EVANGELIO DEL DOMINGO
"Te seguiré donde quiera que vayas". San Lucas 9, 51-62.

sábado, 31 de diciembre de 2016

Y HABITÓ ENTRE NOSOTROS

“E l Evangelio de Hoy”: Jn 1,1-18

Lectura del santo evangelio según san Juan:

En el principio ya existía la Palabra, y la Palabra estaba junto a Dios, y la Palabra era Dios. La Palabra en el principio estaba junto a Dios. Por medio de la Palabra se hizo todo, y sin ella no se hizo nada de lo que se ha hecho. En la Palabra había vida, y la vida era la luz de los hombres. La luz brilla en la tiniebla, y la tiniebla no la recibió. Surgió un hombre enviado por Dios, que se llamaba Juan: éste venía como testigo, para dar testimonio de la luz, para que por él todos vinieran a la fe. No era él la luz, sino testigo de la luz. La Palabra era la luz verdadera, que alumbra a todo hombre. Al mundo vino, y en el mundo estaba; el mundo se hizo por medio de ella, y el mundo no la conoció. Vino a su casa, y los suyos no la recibieron. Pero a cuantos la recibieron, les da poder para ser hijos de Dios, si creen en su nombre. Éstos no han nacido de sangre, ni de amor carnal, ni de amor humano, sino de Dios. Y la Palabra se hizo carne y acampó entre nosotros, y hemos contemplado su gloria: gloria propia del Hijo único del Padre, lleno de gracia y de verdad. Juan da testimonio de él y grita diciendo: "Éste es de quien dije: "El que viene detrás de mí pasa delante de mí, porque existía antes que yo."" Pues de su plenitud todos hemos recibido, gracia tras gracia. Porque la Ley se dio por medio de Moisés, la gracia y la verdad vinieron por medio de Jesucristo. A Dios nadie lo ha visto jamás: Dios Hijo único, que está en el seno del Padre, es quien lo ha dado a conocer. Palabra del Señor.

Reflexión

Hoy es un buen día para agradecer a Dios el don de la vida y las oportunidades compartidas durante el año 2016. Puede ser que los ajetreos de la vida cotidiana no nos hayan permitido vivir conscientemente cada jornada de este tiempo medido en un año, pero podemos estar seguros de que Dios siempre ha estado ahí con nosotros, en las buenas y en las no tan buenas. El texto del Evangelio de Hoy, a primera vista no nos dice gran cosa pues está redactado en un formato bastante teológico y poético. En el fondo, al igual que el día de Navidad, el evangelio nos recuerda que Dios ha sido infinitamente generoso con nosotros al regalarnos a su propio hijo y amarnos en él, sin condición ni límites.

Una invitación a poner en el centro de nuestra vida su palabra y a dejarnos informar, instruir por Jesús para disfrutar desde ya de la vida eterna.
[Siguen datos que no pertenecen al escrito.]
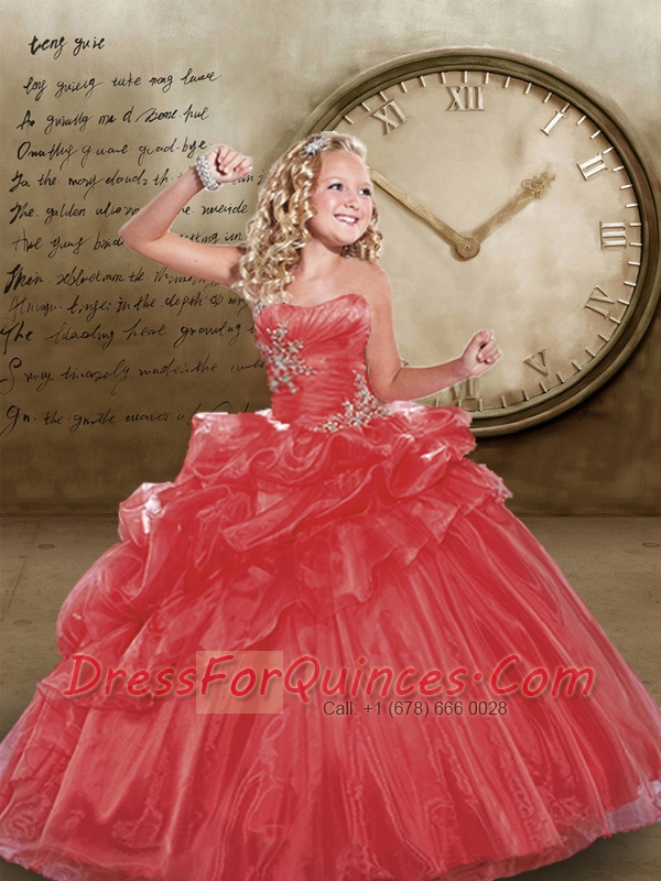 Popular Strapless Red Little Girl Pageant Dress with Appliques and Pick-ups

Dios, por el amor que nos tiene, nos ha privilegiado con su presencia, con su Encarnación.  Encarnémonos nosotros luchando por la dignidad, la justicia fraterna y solidaria. No olvidemos que Dios se ha encarnado para salvarnos y mostrarnos el camino de la alegría y de la paz. Hagámoslo nosotros con nuestros hermanos y hermanas, mostrémosle buena cara y sobre todo un buen corazón. Celebremos el final de este año en familia, con sana alegría y oremos juntos para que la humanidad desarrolle el sentido del amor que construye la paz. Felicidades.